'''
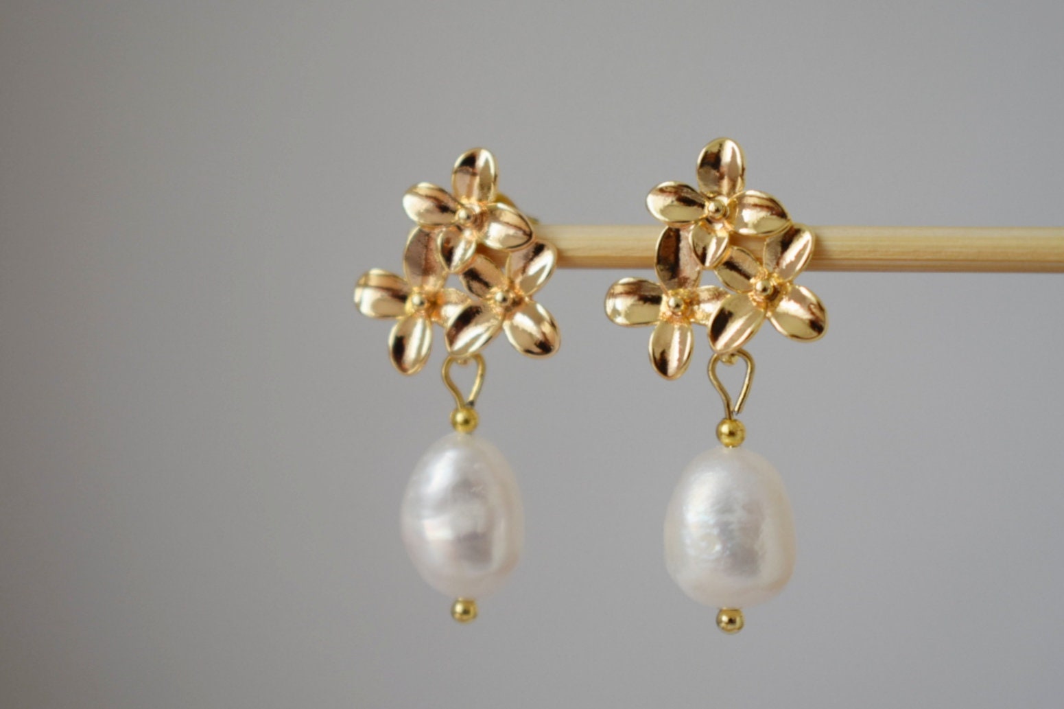 Elegant Freshwater Pearl Earrings, 18K Gold Plated Flower Studs, Vintage Style Bridal Jewelry, Perfect Bridesmaid Gift, Christmas Gift Her
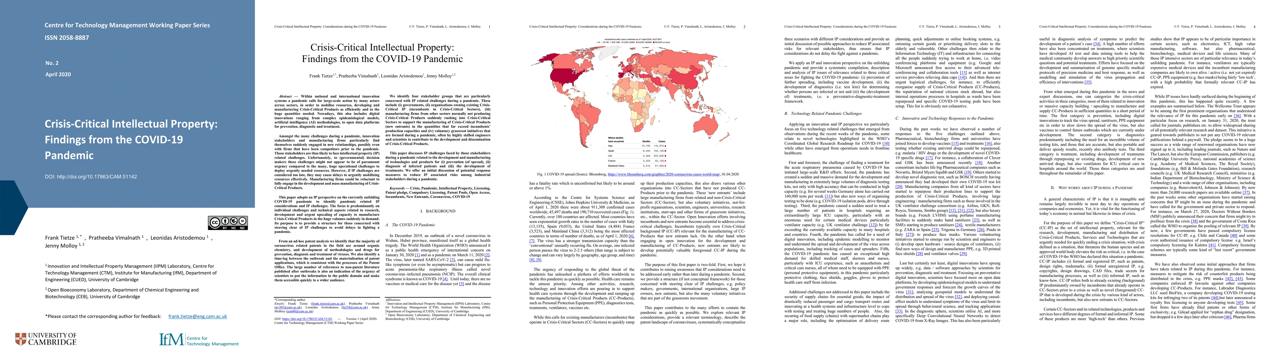 Within national and international innovation systems a pandemic calls for large-scale action by many actors across sectors, to mobilise resources, developing and manufacturing Crisis-Critical Products (CC-Products) efficiently and in the huge quantities needed. Nowadays, this also includes digital innovations from complex epidemiological models, AI, to open data platforms for prevention, diagnostic and treatment. Amongst the many challenges during a pandemic, innovation and manufacturing stakeholders find themselves engaged in new relationships, and are likely to face intellectual property (IP) related challenges. This paper adopts an IP perspective on the COVID-19 pandemic to identify pandemic related IP considerations and IP challenges. The focus is on challenges related to research, development and urgent upscaling of capacity to manufacture CC-Products in the huge volumes suddenly in demand. Its purpose is to provide a structure for steering clear of IP challenges to avoid delays in fighting a pandemic. We identify 4 stakeholder groups concerned with IP challenges: (i) governments, (ii) organisations owning existing Crisis-Critical IP, described as incumbents in Crisis-Critical Sectors (CC-Sectors), (iii) manufacturing firms from other sectors normally not producing CC-Products suddenly rushing into CC-Sectors to support the manufacturing of CC-Products (new entrants), and (iv) voluntary grassroot initiatives that are formed during a pandemic. This paper discusses IP challenges related to the development and manufacturing of technologies and products for (i) prevention (of spread), (ii) diagnosis of infected patients and (iii) the development of treatments. We offer an initial discussion of potential response measures to reduce IP associated risks among industrial stakeholders during a pandemic.
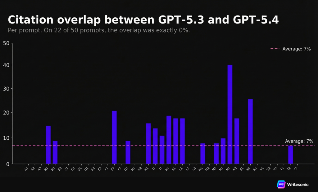 On 22 of 50 prompts, the overlap was exactly 0%. Being visible on GPT-5.3 gives you no advantage on GPT-5.4.
'''
Output an exact copy of the material, with the pictures removed.

 Elegant Freshwater Pearl Earrings, 18K Gold Plated Flower Studs, Vintage Style Bridal Jewelry, Perfect Bridesmaid Gift, Christmas Gift Her
 Within national and international innovation systems a pandemic calls for large-scale action by many actors across sectors, to mobilise resources, developing and manufacturing Crisis-Critical Products (CC-Products) efficiently and in the huge quantities needed. Nowadays, this also includes digital innovations from complex epidemiological models, AI, to open data platforms for prevention, diagnostic and treatment. Amongst the many challenges during a pandemic, innovation and manufacturing stakeholders find themselves engaged in new relationships, and are likely to face intellectual property (IP) related challenges. This paper adopts an IP perspective on the COVID-19 pandemic to identify pandemic related IP considerations and IP challenges. The focus is on challenges related to research, development and urgent upscaling of capacity to manufacture CC-Products in the huge volumes suddenly in demand. Its purpose is to provide a structure for steering clear of IP challenges to avoid delays in fighting a pandemic. We identify 4 stakeholder groups concerned with IP challenges: (i) governments, (ii) organisations owning existing Crisis-Critical IP, described as incumbents in Crisis-Critical Sectors (CC-Sectors), (iii) manufacturing firms from other sectors normally not producing CC-Products suddenly rushing into CC-Sectors to support the manufacturing of CC-Products (new entrants), and (iv) voluntary grassroot initiatives that are formed during a pandemic. This paper discusses IP challenges related to the development and manufacturing of technologies and products for (i) prevention (of spread), (ii) diagnosis of infected patients and (iii) the development of treatments. We offer an initial discussion of potential response measures to reduce IP associated risks among industrial stakeholders during a pandemic.
 On 22 of 50 prompts, the overlap was exactly 0%. Being visible on GPT-5.3 gives you no advantage on GPT-5.4.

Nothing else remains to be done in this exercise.